I meet Jon Hetman, the communications and stewardship officer at the Arboretum, at his office in the red-brick Victorian Hunnewell Visitor Center. Hetman has held the post for 14 years and, like Weishan, appears to be an informational master of his domain. He tosses out dates and plant species with appealing panache. He tells me that the Arboretum, originally bequeathed to Harvard in the early 1870s, is a link in the famed Emerald Necklace, an interconnected series of Boston green spaces designed by landscape architect and co-designer of Central Park Frederick Law Olmsted. Hetman applauds how vigilant the Arboretum staff has been in maintaining Olmsted and inaugural director Charles Sprague Sargent’s initial vision for the space: “We’ve always taken it as a point of pride that we are one of the best-preserved of Olmsted’s landscapes,” Hetman says. He describes Olmsted and Sargent’s decision to organize the plants by their chronological place on the evolutionary timeline. The two men, still less than 20 years removed from “On the Origin of Species,” wanted to have people walk through the Arborway Gate and get a view of how plants developed using the Arboretum’s  own collection.
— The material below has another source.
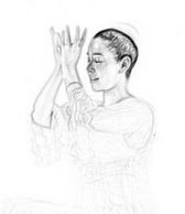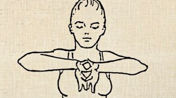 Hold the hands at the level of the heart center. The right hand is on the back of the Ieft hand, both palms face down. The right thumb is bent and comes under the left hand and touches the palm. The left thumb is bent and also touches the left palm. The bent thumbs are pressed together so the thumbnails touch.

The Arboretum was faced with a difficult choice when modern horticulture began to disprove Olmsted and Sargent’s understanding of the progression of plant evolution. “The conifers, which are very far into the Arboretum and which I guess they thought were of the more advanced order, are actually the more ancient plants,” Hetman explains. As a result of these discoveries, the Arboretum staff was faced with the question of whether to alter Olmsted’s evolutionarily incorrect aesthetic. “Once you set this landscape up, though, it isn’t easy to move things around. We’ve stuck to that original plan.” Their valuing of Olmsted’s aesthetic and the logistical grace of his set-up over his theory has, in Hetman’s eyes, been integral to the continued beauty and flow of the space.